The impact of the transformations on the efficiency of the PCA models was evaluated by %EV (Table 2) and any effect on the sample set configuration was evaluated through pairwise RV coefficients between the PCA models of the raw and the transformed data (Supplementary Table S1). The raw data produced PCA models with the highest efficiency, with average cumulative %EV for the first two principal components of 84 ± 9 for CB and 70 ± 6 for SB. All other pre-processing transformations lowered the efficiency of the models, with some exceptions; MSC increased the efficiency of the PCA models of the PDB and KZC CB sample sets by 7% and 4%, respectively. The KZC CB sample set model efficiency was increased by the pre-processing methods, except for the first derivative transformation. KZC had the second highest %EV of all the wineries; the 4% increase was thus relatively negligible, and inspection of the spectra showed no obvious faults.
The RV coefficients showed high configurational similarities between the different pre-processed models and the raw data, except for the KZC CB sample set (Table S1), meaning that, generally, the pre-processing had very little effect on the sample configuration. The raw data set had the lowest RV coefficients, ranging from 0.73 to 0.95 for CB (0.84 ± 0.06, ave ± SD) and 0.70 to 0.90 for SB (0.78 ± 0.06). This means that the configurations of the transformed spectra were more similar to each other than to the raw data. However, there was a negligible difference in the configurations, with a maximum 15% increase in the RV coefficients on average.
For the KZC CB sample set, the RV coefficients between the MSC and the raw data (0.37) and 1st deriv (0.44) were the lowest. Overall, the MSC transformation resulted in increased model efficiency (%EV) and relatively unique sample configurations (low RV coefficients) in the KZC CB sample set. If the purposes of the data fusion in this study were to gather information that would increase the discrimination power between the sample sets, the MSC pre-processing would be suitable. As this study was explorative and unsupervised, such measures were not considered necessary and the decision was made to continue with the raw data for data fusion.

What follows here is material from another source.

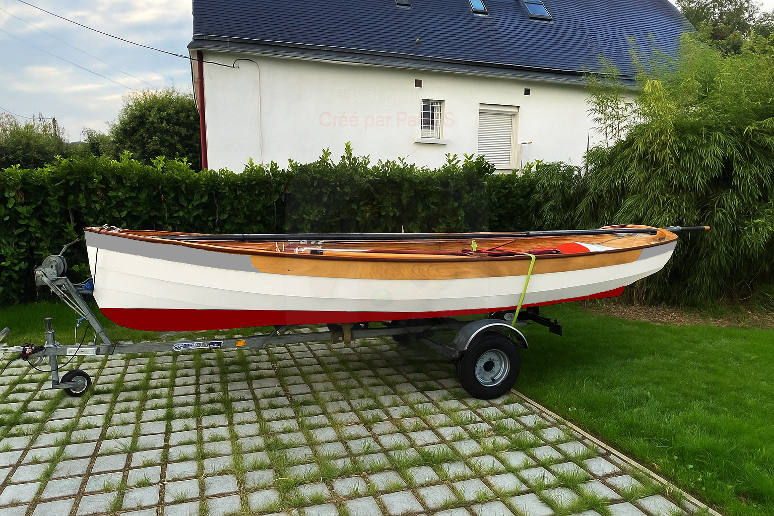 Je me rends compte que dans l’énumération de mes différents bateaux que j’en ai oublié un ! Un très joli dériveur que je n’ai pas gardé longtemps. Dommage c’était peut-être l’occasion de passer déjà au voile-aviron en bois …

3.1.2. Performance of Individual Block Models

The chemistry data blocks each had a set number of variables (UV-Vis, 501 wavelengths; ARP, 14 parameters; VCC, 34 compounds; and IR, 879 wavenumbers); the sensory data had a varying number of variables as the number of attributes was different for each data set after pre-processing. A comparative exploration of the models’ packing efficiency was conducted using the %EV (Supplementary Table S2) and the configurational similarity of the scores (seven samples per set) was calculated through pairwise RV coefficients between the data sets (Supplementary Table S3). Overall, the UV-Vis models were the most efficient, with cumulative %EV ranging from 78 to 99, and an average of 91 ± 7 for the first two PCs. ARP was the second most efficient (75 to 94%EV, 84 ± 5), followed by IR (64 to 98%EV, 78 ± 10) and VCC (72 to 83%EV, 77 ± 3). Sensory had the lowest cumulative %EV (55 to 78%EV, 68 ± 6) for the first two dimensions of the CA, which is an inherent characteristic of holistic techniques, such as sensory analysis [8].
The sample configurations of UV-Vis and ARP were the most similar, with RV coefficients ranging from 0.78 to 0.93 for CB and 0.73 to 0.93 for SB. This is understandable as compounds with antioxidant properties can absorb UV-Vis energy [44]. Additionally, the CIE lab and other colour indices listed in the ARP data block were calculated from specific measurements in the UV-Vis spectrum. The RV coefficients for ARP vs. VCC were the second highest, ranging from 0.55 to 0.83 for CB and 0.45 to 0.82 for SB. The RV coefficients for UV-Vis vs. VCC were lower compared with those for ARP vs. VCC, ranging from 0.31 to 0.81 for CB and 0.33 to 0.62 for SB. The RV coefficients were very low between IR and the other chemistry data blocks (UV-Vis, ARP, and VCC), ranging from 0.10 to 0.71 for CB and 0.21 to 0.79 for SB. The RV coefficients between IR and sensory were higher, ranging from 0.38 to 0.86 for CB and 0.51 to 0.72 for SB. The RV coefficients between sensory and UV-Vis were poor, ranging from 0.59 to 0.74 for CB and 0.43 to 0.79 for SB. The RV coefficients were higher between sensory and VCC, ranging from 0.60 to 0.87 for CB and 0.60 to 0.85 for SB. As the sensory method evaluated only the aroma of the wines, it is understandable that it resulted in higher configurational similarity with the VCC data set.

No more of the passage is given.